FIG. 18 shows an adjustable shoe fit evaluator 100 in a width checking mode inserted into a shoe 770. The adjustable shoe fit evaluator 100 may be adjusted according to settings determined by the measurements of a user's foot derived from FIG. 17. As shown, the cross arm 102 and multifunctional arm 110 are used in medial and lateral orientations, respectively, to measure the width of the shoe 770. The distal indication surface 124 is shown as contacting the lateral aspect 772 of the inside of the shoe 770. The multifunctional arm 110 is set to a multifunctional arm length setting 750, which is the distance between the lateral surface of the main body portion 140 and an inner edge of the multifunctional block 120. The multifunctional arm 110 is locked into that position by tightening the third locking fastener 160. The cross arm 102 is set to a cross arm length setting 730, and can be locked into place by tightening the fourth locking fastener 162. The first foot feature ball 106 is shown as contacting the medial inside surface 774 of the shoe 770. The connector arm 132 may be set to a connector arm length setting 740, and may be locked into position with respect to the main body portion 140 by tightening the first locking fastener 144.
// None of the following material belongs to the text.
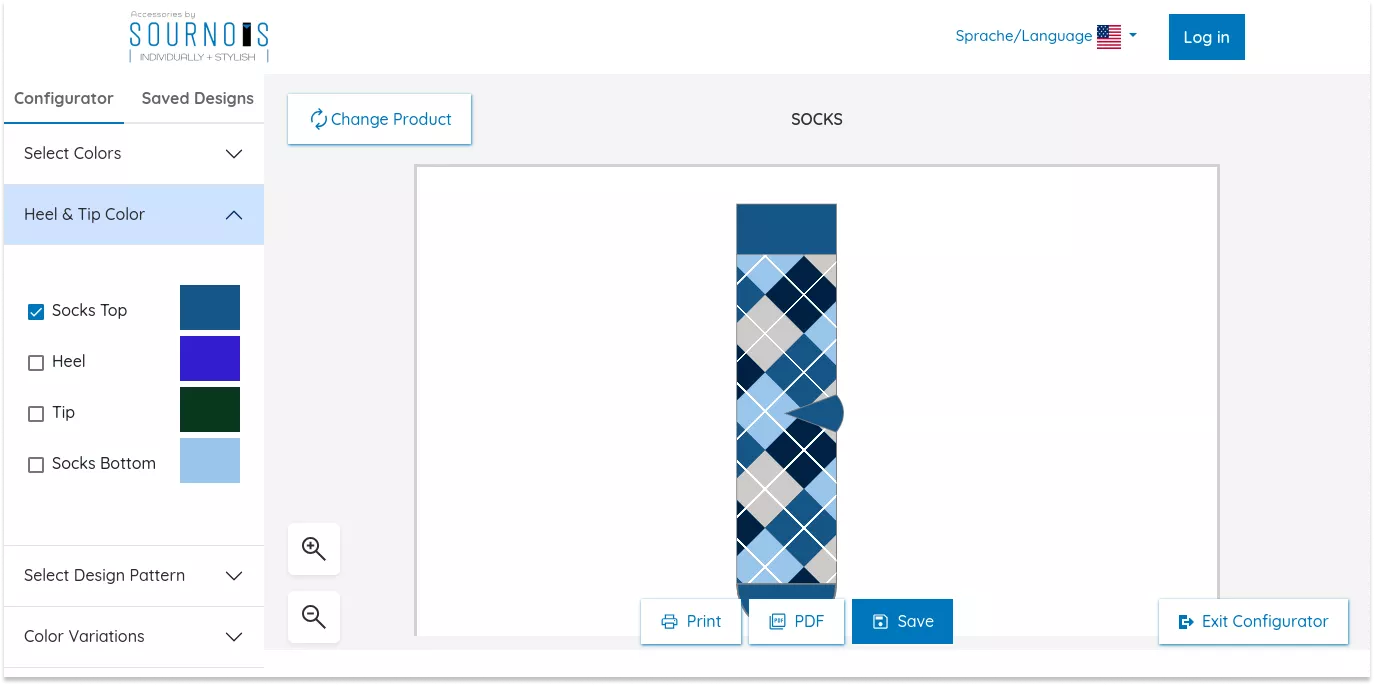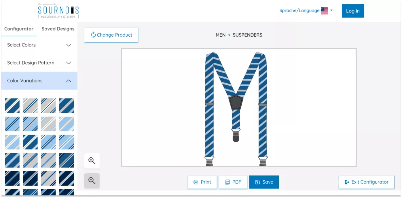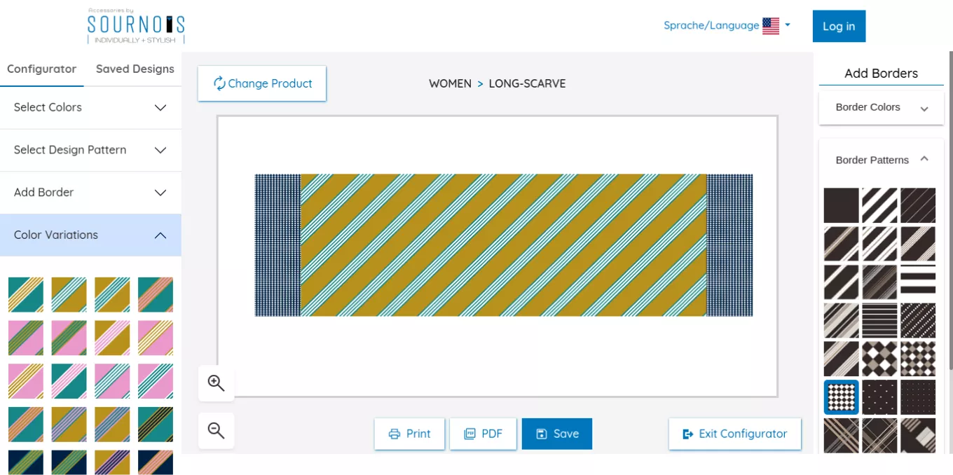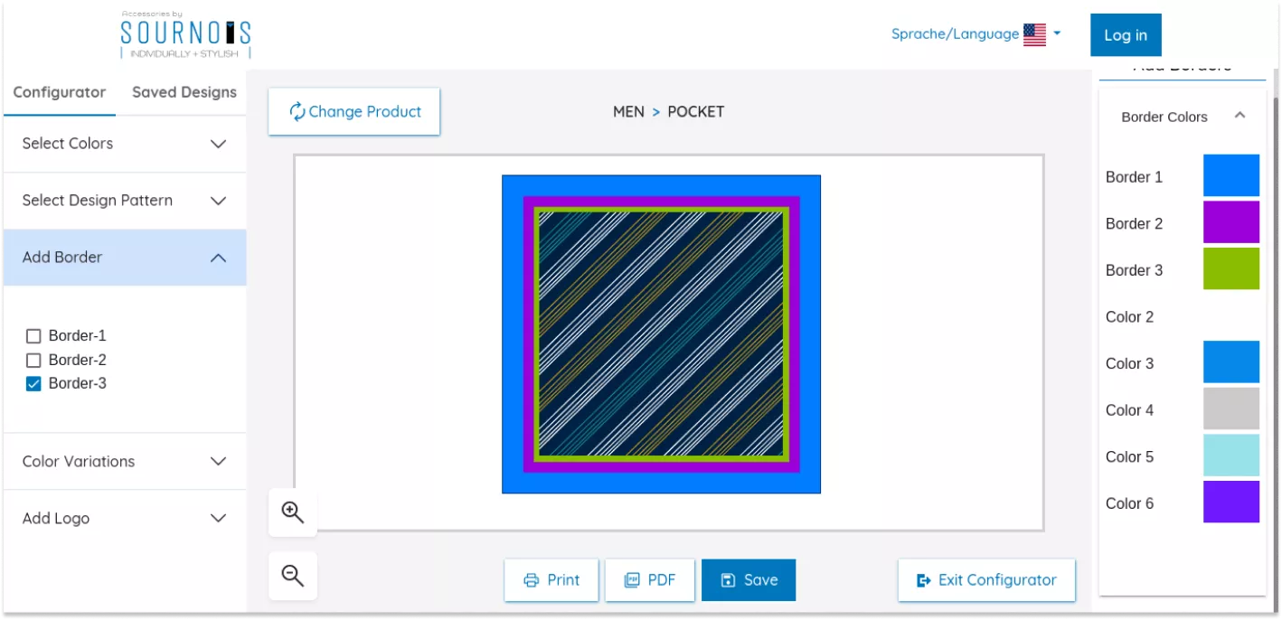 Sournois website is a comprehensive online platform where all the company’s offered clothing items are displayed, enabling customers to browse through the complete range of collections easily. With the integrated product configurator, customers can now personalize any product's design, pattern, and colors according to their preferences. Also, the availability of the website content in German and English languages provides a tailored experience for local customers while expanding the brand's reach internationally. Moreover, the website facilitates the process of obtaining price quotations for customized products. Customers can specify their desired customization options, such as design patterns and colors, and also select from a range of different cloth materials. This enables them to receive accurate pricing information tailored to their specific customization choices. Overall, the Sournois website provides customers with a seamless and interactive shopping experience, empowering them to explore, customize, and obtain price quotations for personalized products with ease and convenience.
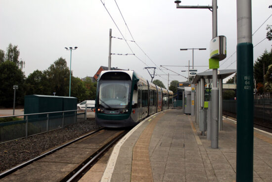 We’ve now left the Phoenix Park branch behind as its only the Hucknall line we follow, which still has the Robin Hood Line for company on the right. For much of the remaining route its now a single track tramway except when we come to the stops. When we arrive at Bulwell we have our first interchange station with the railway line. The railway station retains just a single platform (with just a single track) and can be accessed by leaving the tramstop and using a bridge. The tramstop itself features an island platform with tracks either side and has all the usual NET stop furniture and passenger information that we have come to see throughout our journeys.

In order to check the fit of the shoe 770 with respect to width, the adjustable shoe fit evaluator 100 the width checker mode would be inserted into the shoe with the spring 185 of the indicator component 180 fully compressed and the indicator rod 184 locked into place by tightening the indictor block locking fastener 189. Once the adjustable shoe fit evaluator 100 is placed into the shoe 770, the indictor block locking fastener 189 would be loosened and the proximal rod collar clamp 187 would move to contact the heel seat 776 of the shoe 770. The first foot feature ball 106 and distal indication surface 124 would move forward within the shoe 770 until the friction between them and the inside surfaces of the shoe equal the spring force of spring 185, which may cause the motion to stop. The indicator component scale 190 can be read based on the resulting position of the distal rod collar clamp 186. In the example illustrated in FIG. 16, the distal end of the distal rod collar clamp 186 is located over the middle subscale area 193. Thus, the shoe can be judged to be a good width fit for the user's foot. If the distal end of the distal rod collar clamp 186 was located over the distal subscale section 191 of scale 190, then it could be judged that that shoe is too narrow of a width for the user's foot. If the distal end of the distal rod collar clamp 186 was located over the proximal subscale section 194 of scale 190, then it could be judged that that shoe is too wide for the user's foot.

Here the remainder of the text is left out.